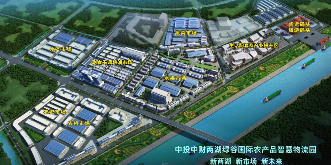 中投中財兩湖綠谷國際農(nóng)產(chǎn)品智慧物流園項目總投資31.5億元,建成后,將集農(nóng)產(chǎn)品交易集散中心、服務(wù)保障區(qū)、商務(wù)展示區(qū)、生活配套區(qū)四大版塊于一體,成為一個現(xiàn)代化、智能化、 數(shù)字化、綠色化的全國農(nóng)產(chǎn)品現(xiàn)代流通示范園區(qū)和轉(zhuǎn)型升級標(biāo)桿市場。
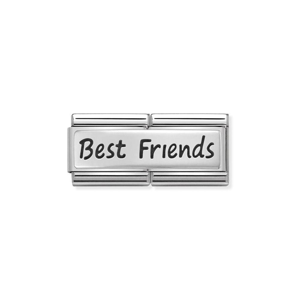 Nomination composable classic double charm engraved ‘Best Friends’. Crafted in stainless steel and silver.
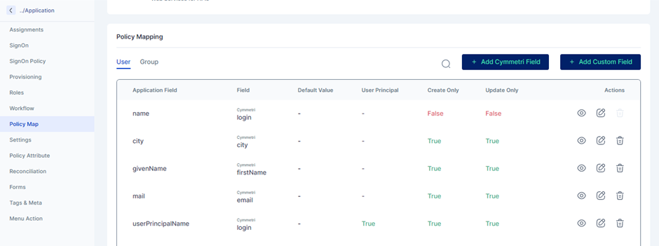 To add a mapping, click on the add Cymmetri field and add the field details.
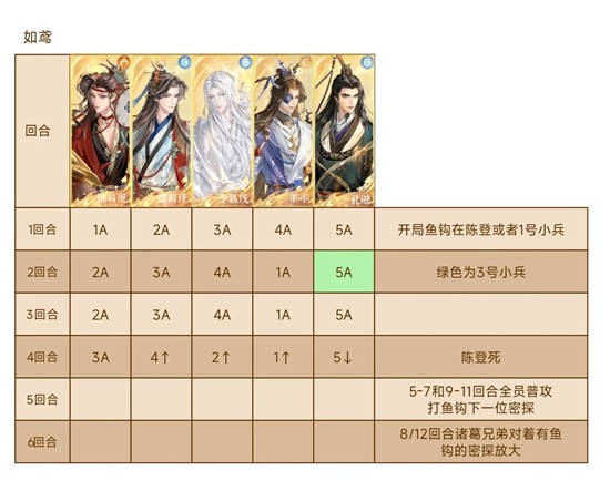 攻击力需要四回合打死陈登,令狐茂不建议换刘豹,刘豹大漠盘会触发机制,这个打法是我试了几个配队最舒服完全不用赌最能站住的配队
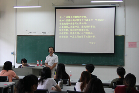 9月22日上午,为使我院新一届研究生能够尽快适应研究生的生活与学习,学院邀请了我院王可大教授在雁山“纯道楼”2-106教室为美术学院2014级全体研究生做了题为“艺术•人生——漫谈研究生学习”的学术讲座,这也是我院“九讲九展”学术系列讲座的第六讲,讲座由学院党委副书记禤推鸰老师主持。
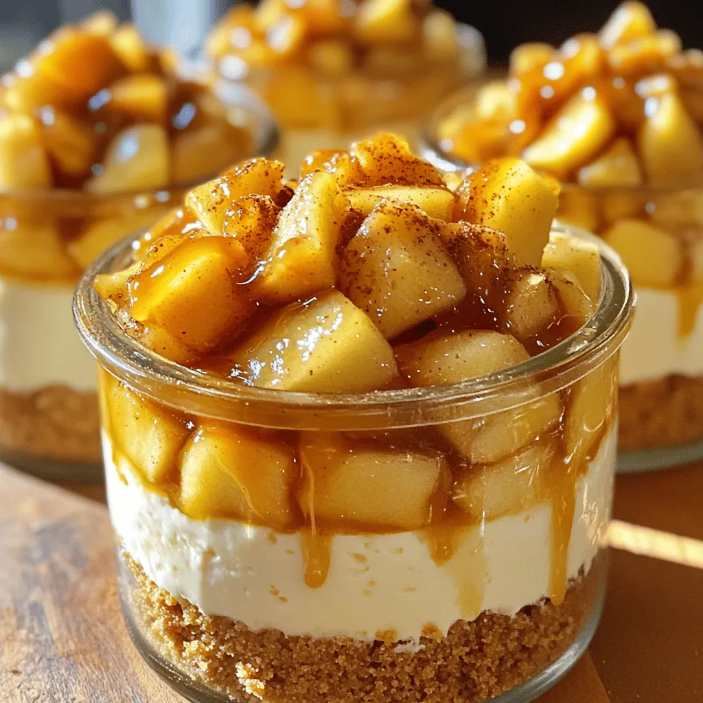 Grab small jars or dessert cups for this step. Start by adding a layer of graham cracker crumbs at the bottom of each jar. Next, add a layer of the cheesecake filling. Follow that with a layer of the caramelized apples. Repeat these layers until the jars are full. Finish with a dollop of cheesecake filling on top for a nice look.
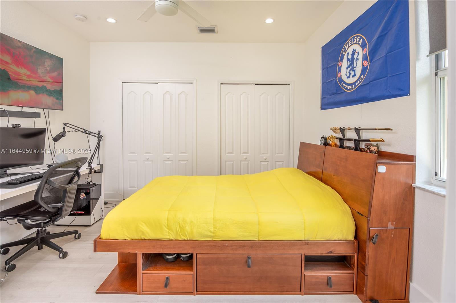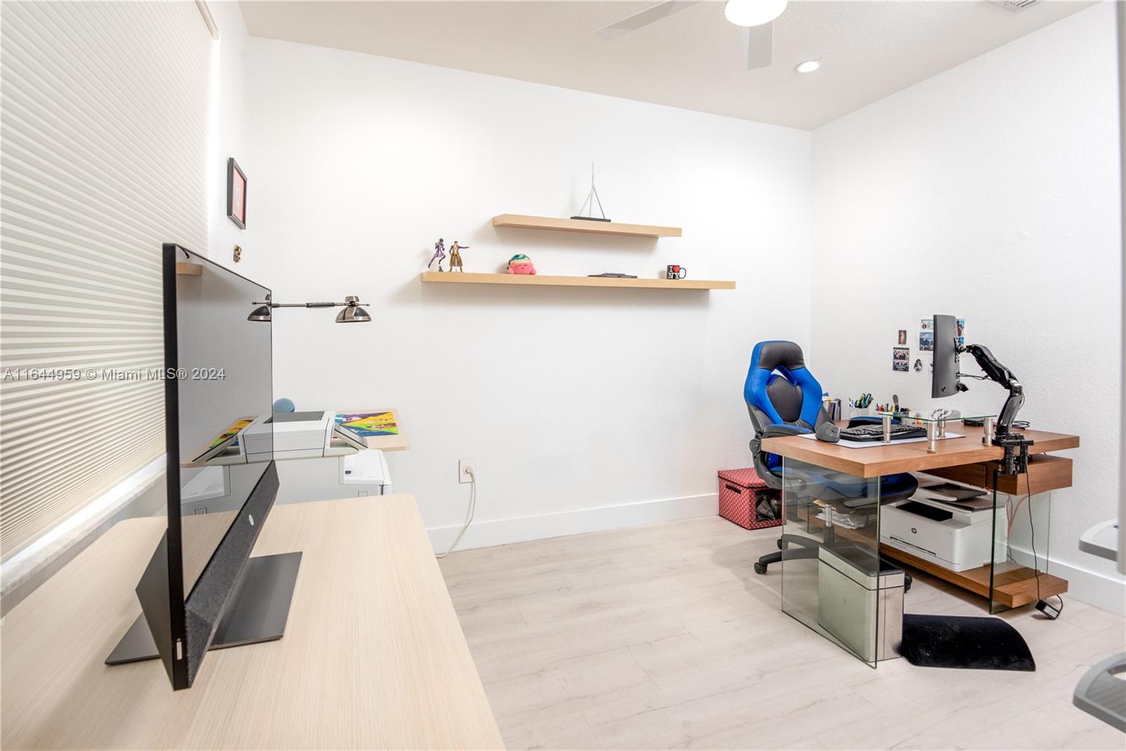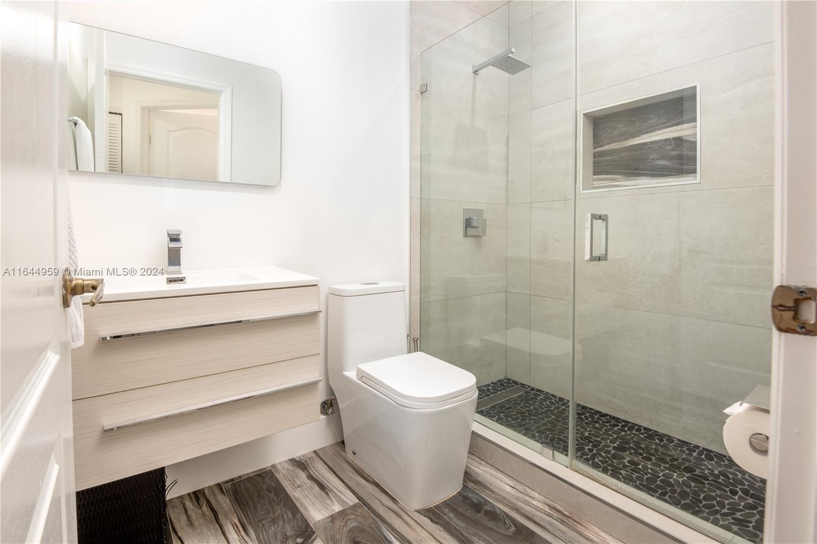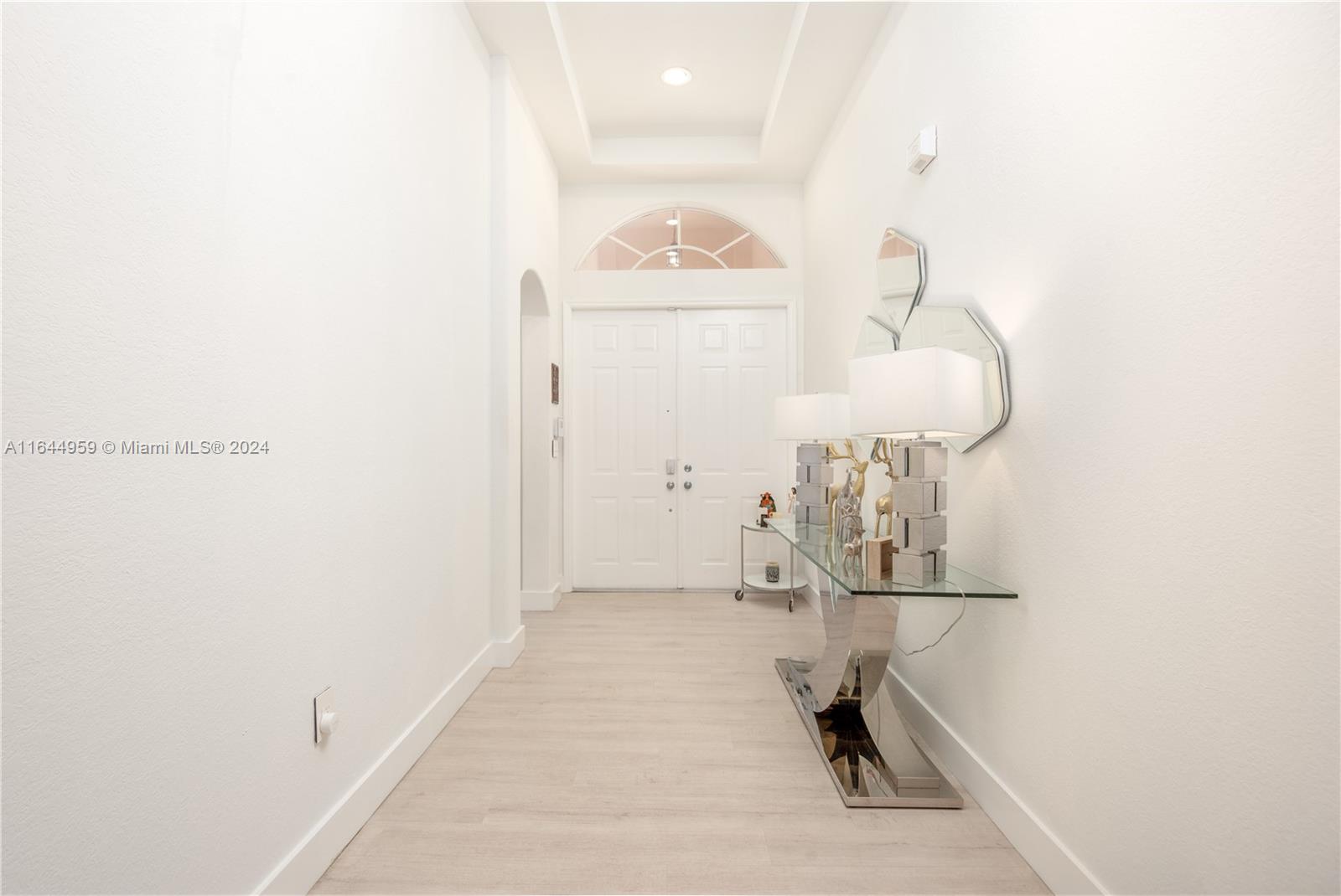 No other House like this one. . Very Desirable One Story Totally upgraded, Open concept, Single Family Home in Doral. Move-in ready. Huge lot with almost 7,000 Sq Ft perfect for a pool and entertainment. Very private home with Doral Legacy Park on the back. 4 Beds, 3 Full Baths, 2 Car Garage + 2 spaces on the driveway with an electric car station. Gourmet Kitchen with a big island, quartz countertop, black SS appliances with separate glass stove and oven, waterproof laminated floor in living area, bedrooms and kitchen, porcelain floor on the bathrooms. Custom-made closets in all the bedrooms, almost new Air Conditioner. High hat led lights in all the house. Front-loaded washer and dryer. Buyer has to pay $ 3,600 for Title Transfer to the Associations at Closing.
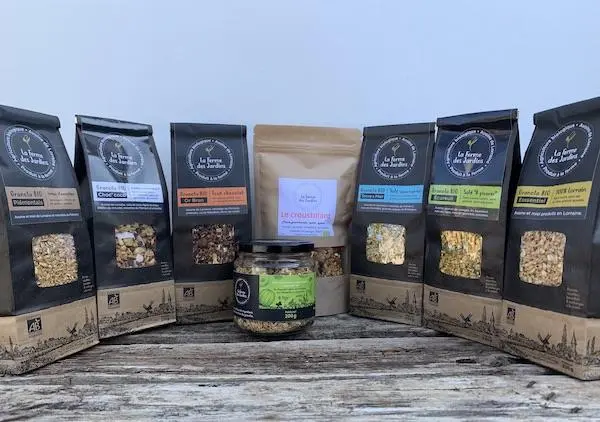 Agriculteur à Liocourt depuis plusieurs générations et associé désormais, la Ferme des Jardins a fait sa conversion en agriculture Bio en 2015. Nous y produisons des céréales et notamment de l'avoine qui est la base de nos granolas artisanaux. Toutes les matières premières proviennent prioritairement de Lorraine et sont issues de l'agriculture biologique. Les produits sont réalisés sans additifs, conservateurs, adjuvants ou graisse de palme.
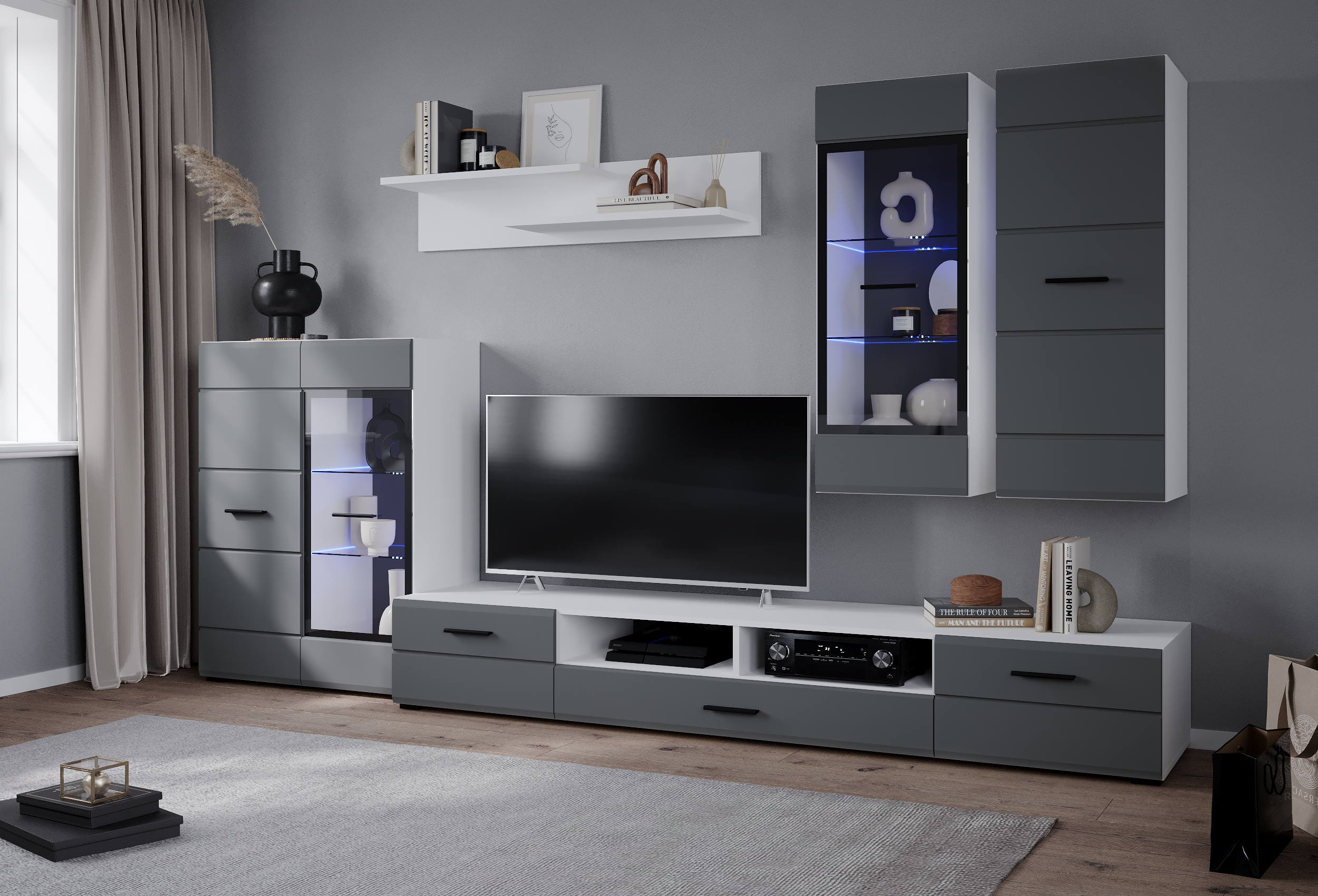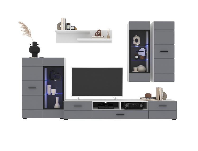 В комплект входят 5 модулей: тумба ТВ, напольный шкаф комбинированный со стеклом (укомплектован подсветкой), полка, навесной шкаф со стеклом (укомплектован подсветкой), навесной шкаф.
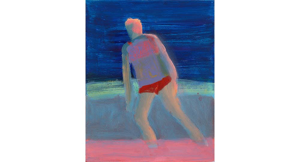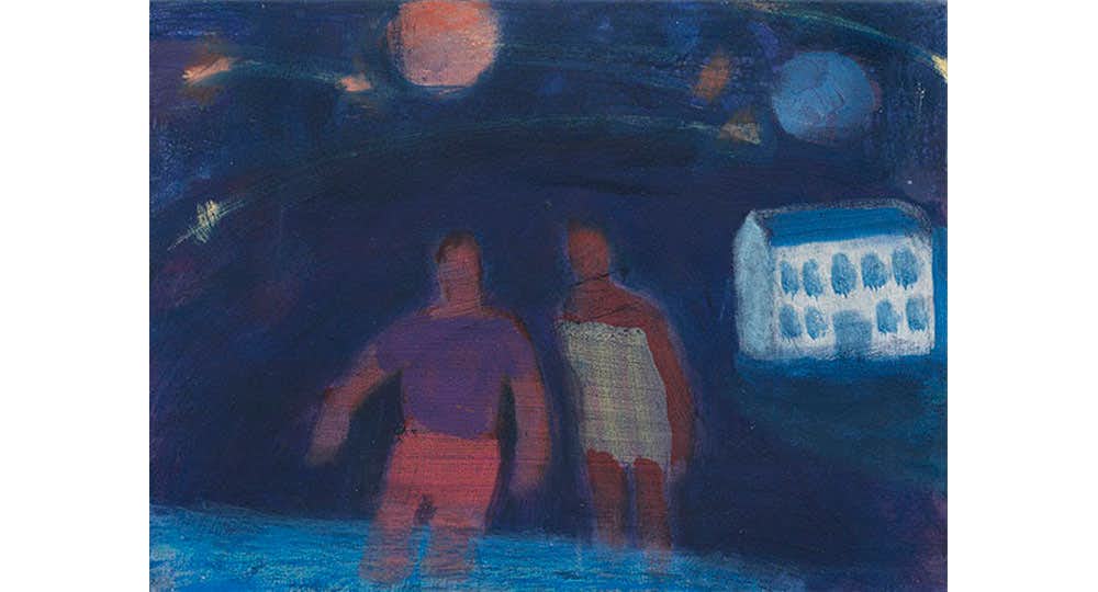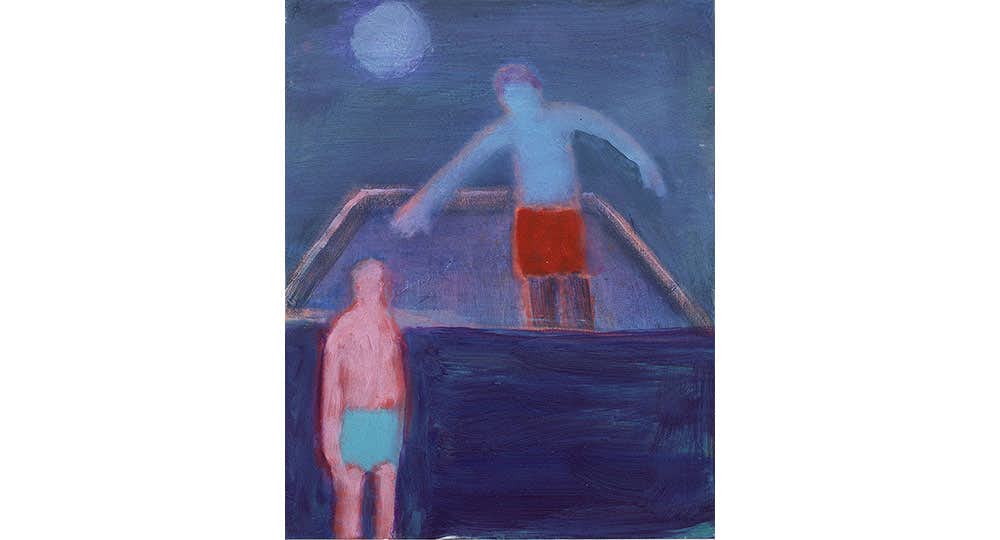 「今回の新作は、水の中にいる人物への、私の探求が続いたものとなっています。私が夜泳ぐ人に興味を持つのは、光と影の中でかすかに変わったり、いかにその色の世界がそれぞれの状況で現れているかということです。私はいくつかのペインティングで、月の輝きを描き込んでいます。高い席の上で見守るライフガードが、私たちにとって必要なのと同じように。

ACTION ITEM: Look back at the data above, then output exactly the lines from the line holding "Nomination composable classic" up to and including the line holding "Grab small jars". Leave out the pictures.

TASK SOLUTION:
 Nomination composable classic double charm engraved ‘Best Friends’. Crafted in stainless steel and silver.
 To add a mapping, click on the add Cymmetri field and add the field details.
 攻击力需要四回合打死陈登,令狐茂不建议换刘豹,刘豹大漠盘会触发机制,这个打法是我试了几个配队最舒服完全不用赌最能站住的配队
 9月22日上午,为使我院新一届研究生能够尽快适应研究生的生活与学习,学院邀请了我院王可大教授在雁山“纯道楼”2-106教室为美术学院2014级全体研究生做了题为“艺术•人生——漫谈研究生学习”的学术讲座,这也是我院“九讲九展”学术系列讲座的第六讲,讲座由学院党委副书记禤推鸰老师主持。
 Grab small jars or dessert cups for this step. Start by adding a layer of graham cracker crumbs at the bottom of each jar. Next, add a layer of the cheesecake filling. Follow that with a layer of the caramelized apples. Repeat these layers until the jars are full. Finish with a dollop of cheesecake filling on top for a nice look.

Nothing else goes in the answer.